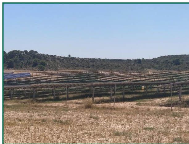
Fotografías 1 y 2. Vegetación entre placas actualmente.

Se ha realizado un seguimiento de la evolución de las revegetaciones realizadas durante 2020. Estas plantas se desarrollaron hasta finales de 2021, cuando tuvo lugar el arado de gran parte del perímetro de las PFVs y zonas adyacentes por parte de un agricultor de la localidad, por cuenta propia y sin relación alguna con las Plantas solares ni las empresas que en ellas trabajan, esta
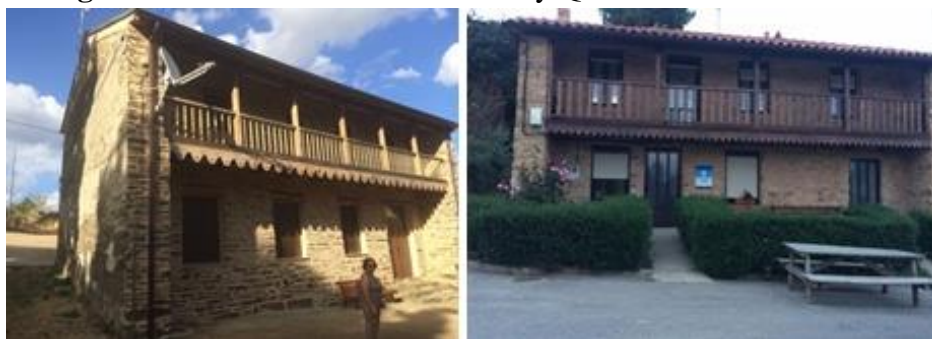
Figura 5 - Escuelas de Piedras Albas y Quintanilla de Combarros.
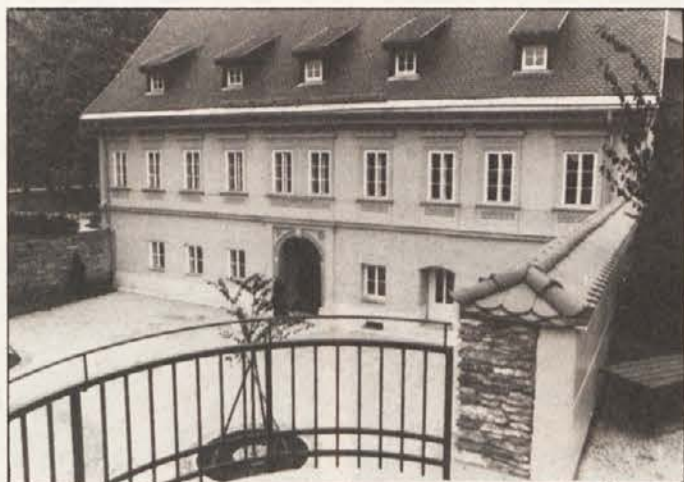
Obnovljeno poslopje v Reitschulgasse 4
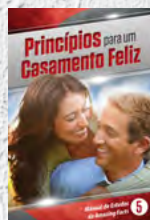
Manual de Estudos 5: Princípios Para um Casamento Feliz
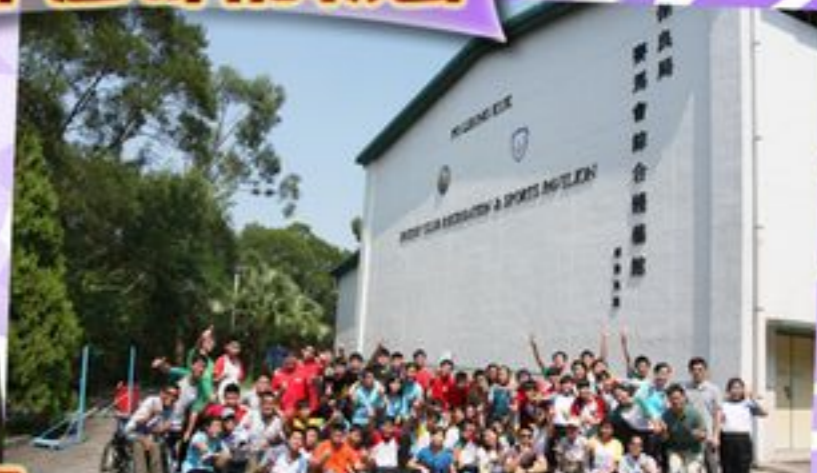
中一中二同學在保良局大棠度假村來一張大合照
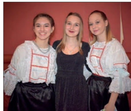
Pomurski hrvatski bal
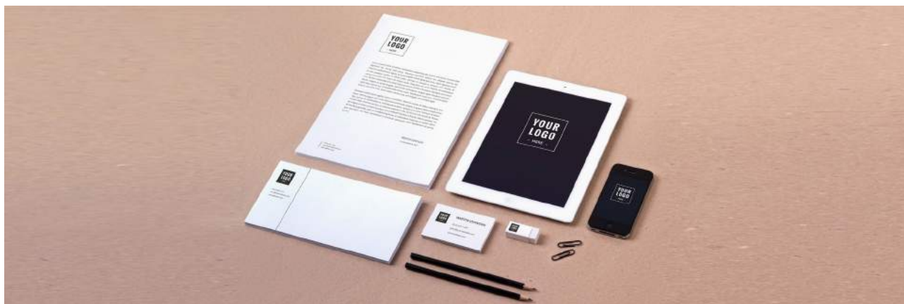
immagine coordinata aziendale

Progettazione grafica di simbolo e logotipo (unico, originale e riconoscibile) da applicare ai documenti aziendali adatta alle Piccole-Medie imprese, liberi professionisti, negozi.
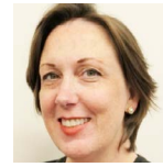
Yr Athro Sheila Rowan CBE, Llywydd y Sefydliad Ffiseg

“Rydym yn gwybod am y gwerth y mae amrywiaeth yn ei gynnig i ffiseg. Os yw cymdeithas am gael budd o'r gwerth hwn, rhaid i ni wneud mwy i greu amgylchedd croesawgar a chynhwysol i bawb. Gall y Sefydliad Ffiseg, a rhaid i'r Sefydliad Ffiseg, chwarae rôl arweiniol gan amlygu lleisiau a phrofiadau amrywiol sy'n gwneud cyfraniadau mor werthfawr i waith ein sefydliad ni ac i faes ffiseg. Mae'r uchelgais hwn yn ganolog i'n strategaeth bum mlynedd, a rhaid iddo barhau'n ganolog i bopeth a wnawn.”
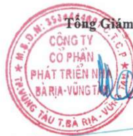
Đoàn Hữu Thuận
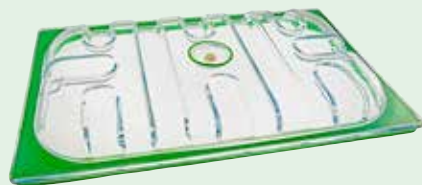
GN1/1 - 534 x 329 mm Art. nr. GNV-9011
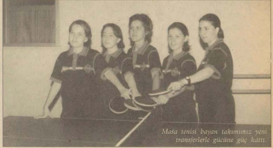
Masa tenisi bayan takımımız yeni transferlerle gücüne güç kattı.

Uluslararası Masa Tenisi Federasyonu (ETTU)'nun masa tenisini daha ilgi çekici hale getirmek için oyun kurallarında değişiklik yaptığını ve bu kuralların Eylül ayında geçerli olacağını ifade eden Aksöz, "11'li sayı sistemine geçildi. İki oyuncu arasındaki karşılaşma beş

┄┄┄┄┄┄┄┄┄┄┄┄┄┄┄┄┄┄┄┄

▶ Prompt
Please write out the lines above exactly, from the one that contains "Obnovljeno poslopje v Reitschulgasse 4" through the final line, and include none of the pictures.

▶ Worked solution
Obnovljeno poslopje v Reitschulgasse 4
Manual de Estudos 5: Princípios Para um Casamento Feliz
中一中二同學在保良局大棠度假村來一張大合照
Pomurski hrvatski bal
immagine coordinata aziendale

Progettazione grafica di simbolo e logotipo (unico, originale e riconoscibile) da applicare ai documenti aziendali adatta alle Piccole-Medie imprese, liberi professionisti, negozi.
Yr Athro Sheila Rowan CBE, Llywydd y Sefydliad Ffiseg

“Rydym yn gwybod am y gwerth y mae amrywiaeth yn ei gynnig i ffiseg. Os yw cymdeithas am gael budd o'r gwerth hwn, rhaid i ni wneud mwy i greu amgylchedd croesawgar a chynhwysol i bawb. Gall y Sefydliad Ffiseg, a rhaid i'r Sefydliad Ffiseg, chwarae rôl arweiniol gan amlygu lleisiau a phrofiadau amrywiol sy'n gwneud cyfraniadau mor werthfawr i waith ein sefydliad ni ac i faes ffiseg. Mae'r uchelgais hwn yn ganolog i'n strategaeth bum mlynedd, a rhaid iddo barhau'n ganolog i bopeth a wnawn.”
Đoàn Hữu Thuận
GN1/1 - 534 x 329 mm Art. nr. GNV-9011
Masa tenisi bayan takımımız yeni transferlerle gücüne güç kattı.

Uluslararası Masa Tenisi Federasyonu (ETTU)'nun masa tenisini daha ilgi çekici hale getirmek için oyun kurallarında değişiklik yaptığını ve bu kuralların Eylül ayında geçerli olacağını ifade eden Aksöz, "11'li sayı sistemine geçildi. İki oyuncu arasındaki karşılaşma beş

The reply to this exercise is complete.